CD4 counts are necessary for clinical staging and initiation and monitoring of ART. The need for flow cytometry to measure CD4 counts has been a barrier to its use in rural areas and results in delays in receipt of results. POC testing provides a practical approach to address the current problems with CD4 testing. The results of this study provide evidence in support of POC CD4 testing. An important limitation to the PIMA system is that it does not measure CD4% and therefore, cannot be used for clinical staging or monitoring in children. Additional tests with the PIMA and other systems in rural areas are necessary before widespread use in these settings.

References

  1. Bendavid E, Young SD, Katzenstein D, et al. Cost-effectiveness of HIV monitoring strategies in resource-limited settings. Arch Intern Med. 2008;168:1910-1918.
  2. Phillips AN, Pillay D, Miners AH, et al. Outcomes from monitoring of patients on antiretroviral therapy in resource-limited settings with viral load, CD4 cell count, or clinical observation alone: a computer simulation model.
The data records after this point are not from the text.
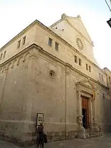 Dedicated to St. Nicholas of Bari, it is located inside the old town, not far from the sea. Built in the late thirteenth century, presumably during the re-founding of the city by the Anjou, it was already in very poor condition in the sixteenth century. The Archbishop of Bari Girolamo Sauli therefore requested its reconstruction, which took place in the years 1547–1575 through the work of Dalmatian masters Francesco and Giovanni from Šibenik and John from Korcula. The building is a fine example of Adriatic Renaissance, although the Baroque extensions have altered the appearance of the apse and some chapels. Recent renovations have enhanced the rose window and the two portals, the Lions (on the left side) and Dwarfs bearing the door columns (in front). The interior space is divided into three naves, the lateral ones with vaults that characterize the overall style and the imposing Corinthian columns.
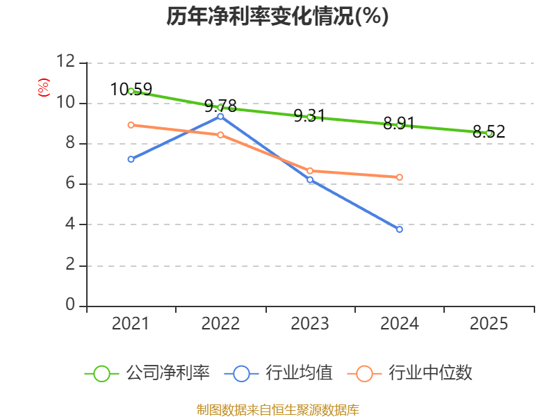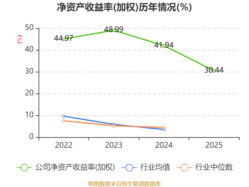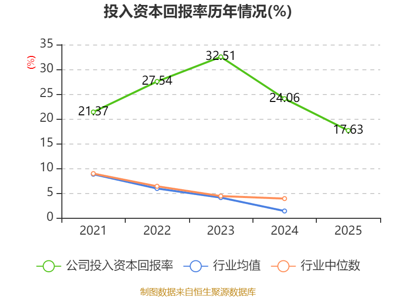 数据显示,2025年公司加权平均净资产收益率为30.44%,较上年同期下降11.5个百分点。公司2025年投入资本回报率为17.63%,较上年同期下降6.43个百分点。
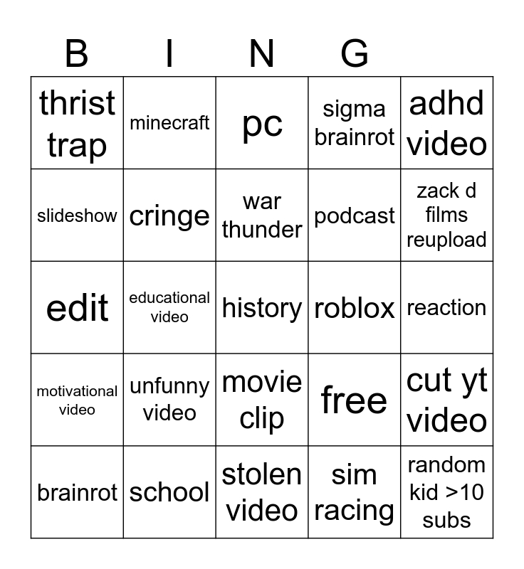 This bingo card has 25 words: unfunny video, stolen video, war thunder, brainrot, adhd video, thrist trap, slideshow, minecraft, roblox, movie clip, podcast, edit, free, cut yt video, cringe, random kid >10 subs, reaction, pc, zack d films reupload, educational video, history, school, motivational video, sigma brainrot and sim racing.
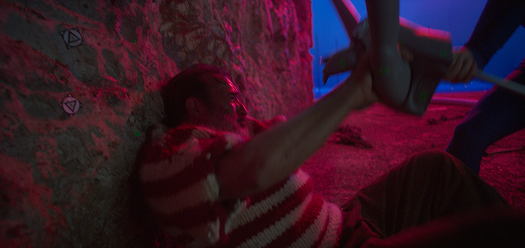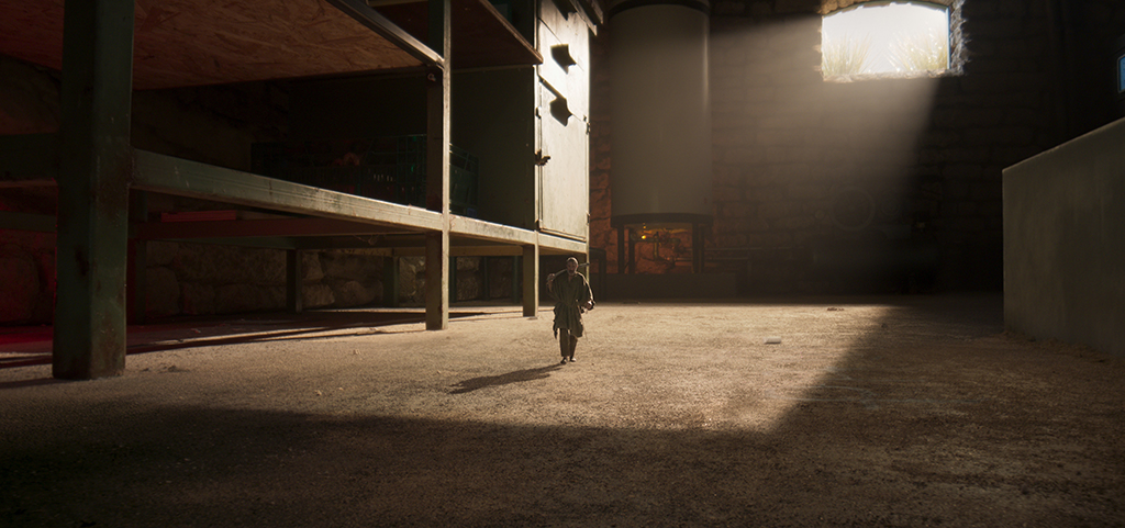 Setting up the motion control camera took a lot of time. “We basically have eight to nine pieces of wall that we can remove as well as seven pieces of the roof, depending on the motion that we need to do with the arm of the motion control camera,” De Longlée states. “If we shoot one shot at a time, we need to move the arm every time. We shot with the actor for a couple of weeks and ended up with 50 different shots with a different angle, and packaged all of the shots using the same angle of camera together. When we put the arm in the right place, we know that we can shoot different shots from different sequences using that same position in that same setup. Then we move the set, remove some wall, move the arm, remove some of roof, and shoot in the other angle using a different lighting setup. This allowed us to be more efficient.” Various constraints exist when shooting an actor. “You want to keep focus on emotion and the action, whatever is the camera angle. We let the director shoot as he wanted, and then group the shot by angle and by position of arm. We did a different schedule for the second team.”
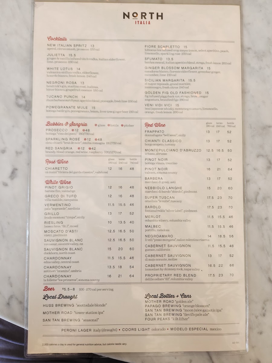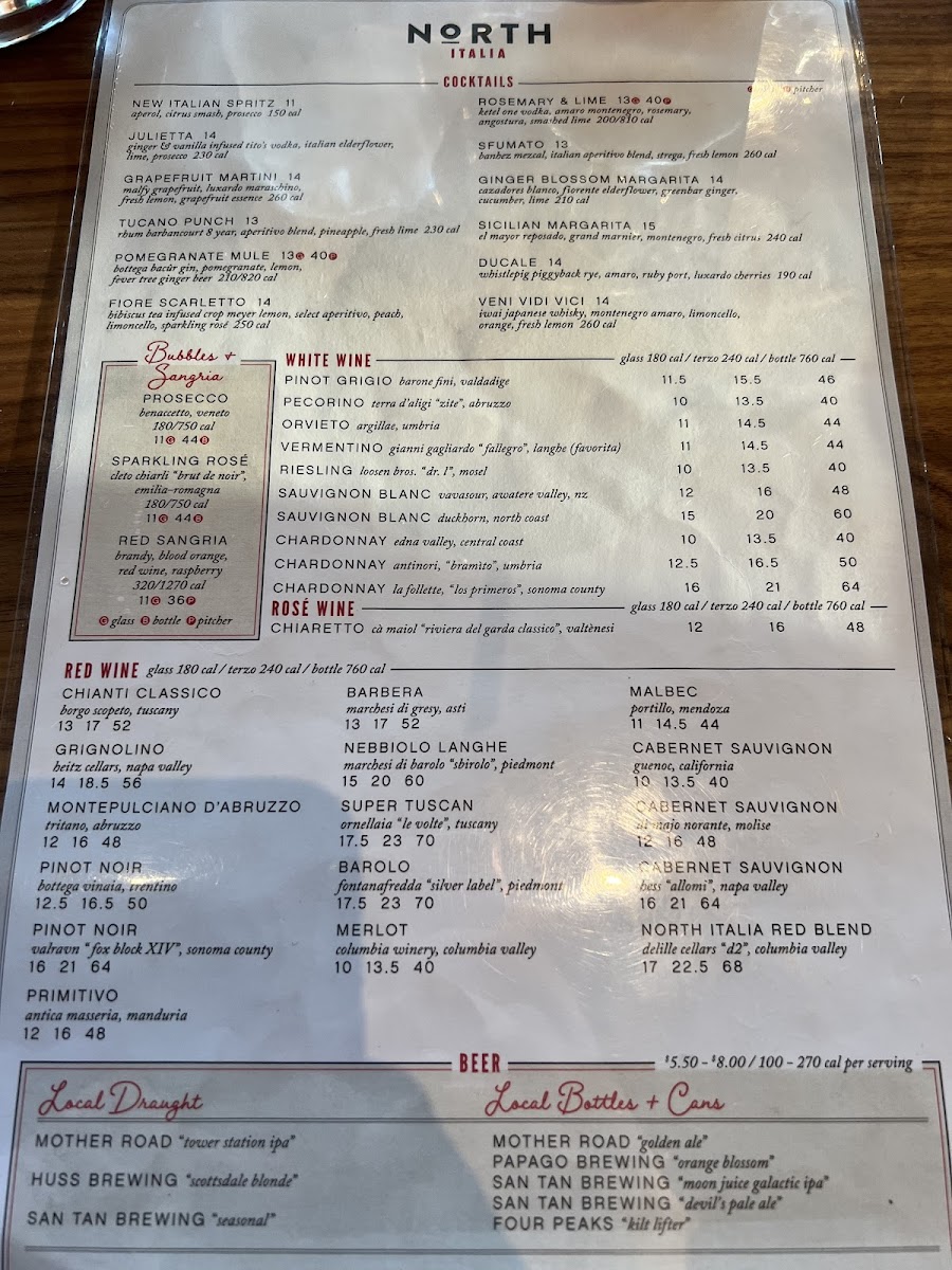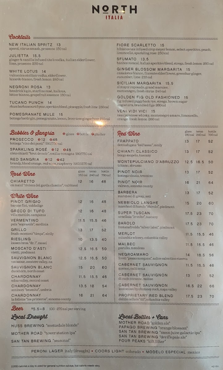 If you're craving authentic Italian flavors, the North Italia Menu at 1950 E Williams Field Rd #102 in Gilbert, AZ, is the place to be. The menu offers a delightful range of freshly made dishes, from pasta and pizza to seasonal specialties. Whether you’re in the mood for a classic spaghetti Bolognese or something with a little more flair like their signature pesto ravioli, there's something for everyone. The wood-fired pizzas are a standout, with a crispy crust and fresh toppings that make each bite a little piece of heaven. Pair your meal with a glass of wine from their thoughtfully curated list, or indulge in a sweet treat to finish. It's the perfect spot for a casual meal with friends or a family gathering, where every dish feels both comforting and exciting.
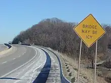Bridges and overpasses can be especially dangerous. Black ice forms first on bridges and overpasses because air can circulate both above and below the surface of the elevated roadway when the ambient temperature drops, causing the pavement temperature on the bridge to fall rapidly.[9] In the United States, road warning signs with the advisory "Bridge Ices Before Road" indicate potentially dangerous roadways above bridge structures.
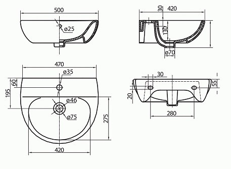 Умывальник Kolo Runa 50 с отверстием под смеситель
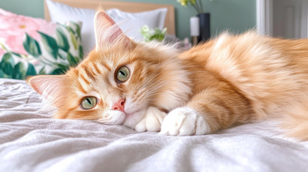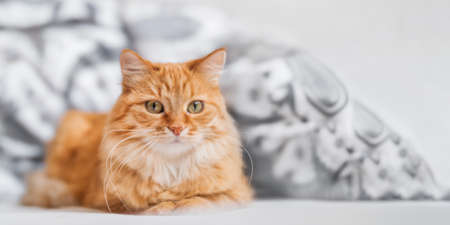 Beautiful ginger cat lying on the bed. Fluffy pet.
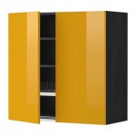 МЕТОД Навесной шкаф с посуд суш/2 дврц - 80x100 см, Ерста глянцевый желтый, под дерево черный
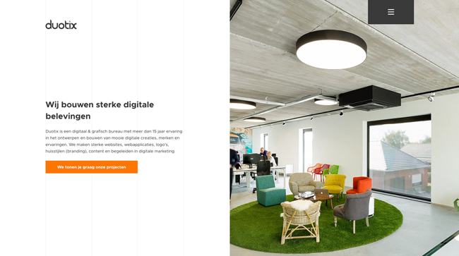 Duotix在整個(gè)設(shè)計(jì)中使用空格來(lái)區(qū)分不同的內(nèi)容塊,并且每個(gè)內(nèi)容塊都有自己的號(hào)召性用語(yǔ)按鈕。 另外,在滾動(dòng)過程中,白色和彩色背景不斷變化,刺激用戶繼續(xù)滾動(dòng)。
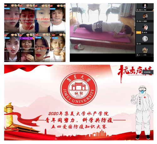 为了弘扬五四精神,宣传抗疫精神,水产学院团委积极响应校团委“绽放战疫青春·坚定制度自信”主题宣传教育实践活动的号召,于五四青年节前后开展微团课、微信接龙、演讲比赛、知识竞赛、平板支撑运动会、十佳歌手赛等一系列的线上主题活动,活动内容丰富,形式新颖,受到学院团学青年的喜爱和追捧。
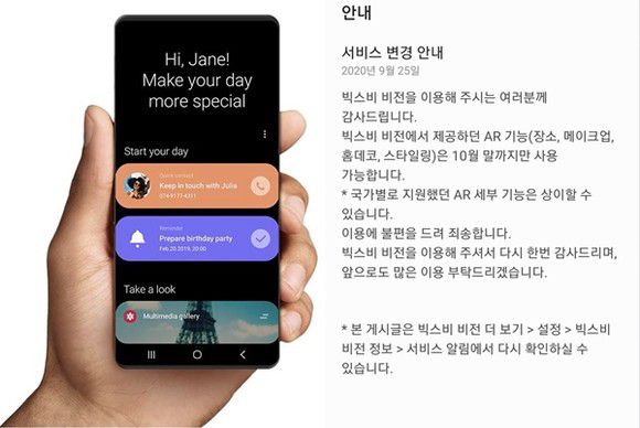8일 삼성전자에 따르면 2017년 시작했던 빅스비 비전에 담긴 일부 증강현실(AR)기능을 이달 말까지 운영한 후 중단한다. 국내의 경우 장소와 메이크업, 홈 데코, 스타일링 서비스가 대상이다. 국가별로 지원했던 AR 세부 기능은 다를 수 있다. 삼성전자는 지난달 25일 이같은 내용을 공지를 통해 소비자들에게 알렸다.
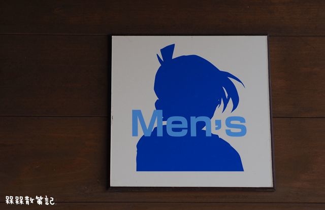 在前方還有公共廁所,牆上有黑白的柯南圖像,可以發揮偵探般的洞察力,透過仔細觀察,發現圖案上面有哪裡比較特別。
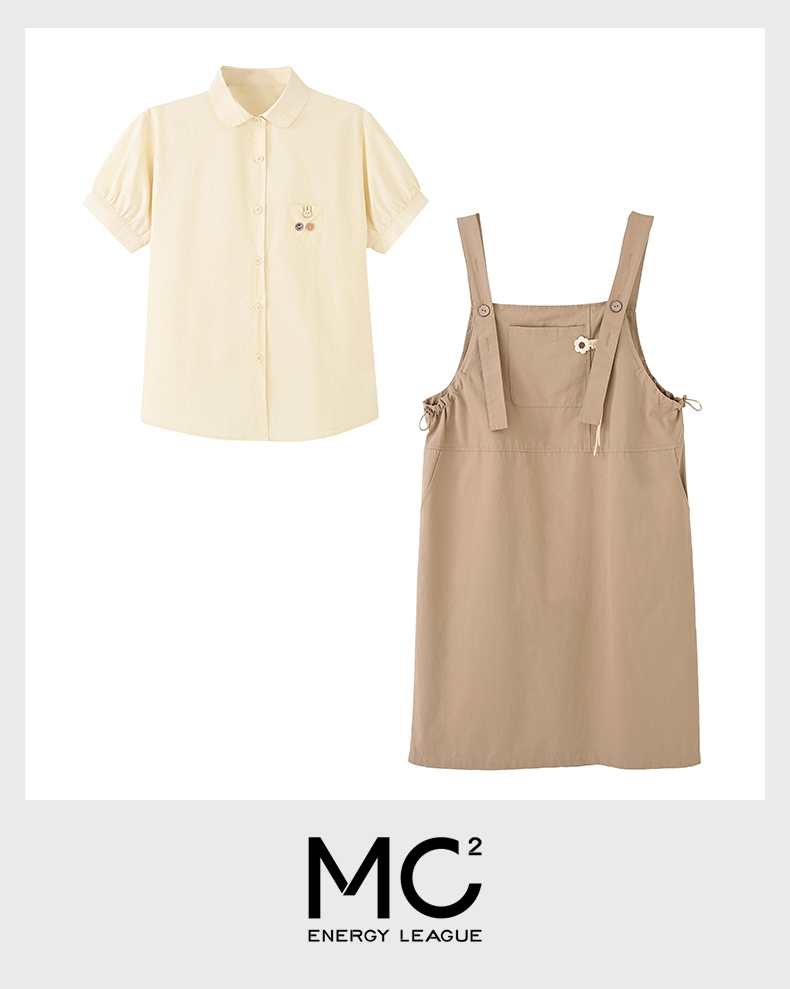 女装翻领衬衣配中长背带裙两件套-50S4221013

Lancet. 2008;371:1443-1451.
  3. DART Trial Team. Routine versus clinically driven laboratory monitoring of HIV antiretroviral therapy in Africa (DART): a randomized noninferiority trial. Lancet. 2010;375:123-131.
  4. Lawn SD, Little F, Bekker L, et al. Changing mortality risk associated with CD4 cell response to antiretroviral therapy in South Africa. AIDS. 2009;23:335-342.
  5. O'Gorman MR, Zijenah LS. CD4 T cell measurements in the management of antiretroviral therapy-a review with an emphasis on pediatric HIV-infected patients. Cytometry B Clin Cytom. 2008;74:S19-S26.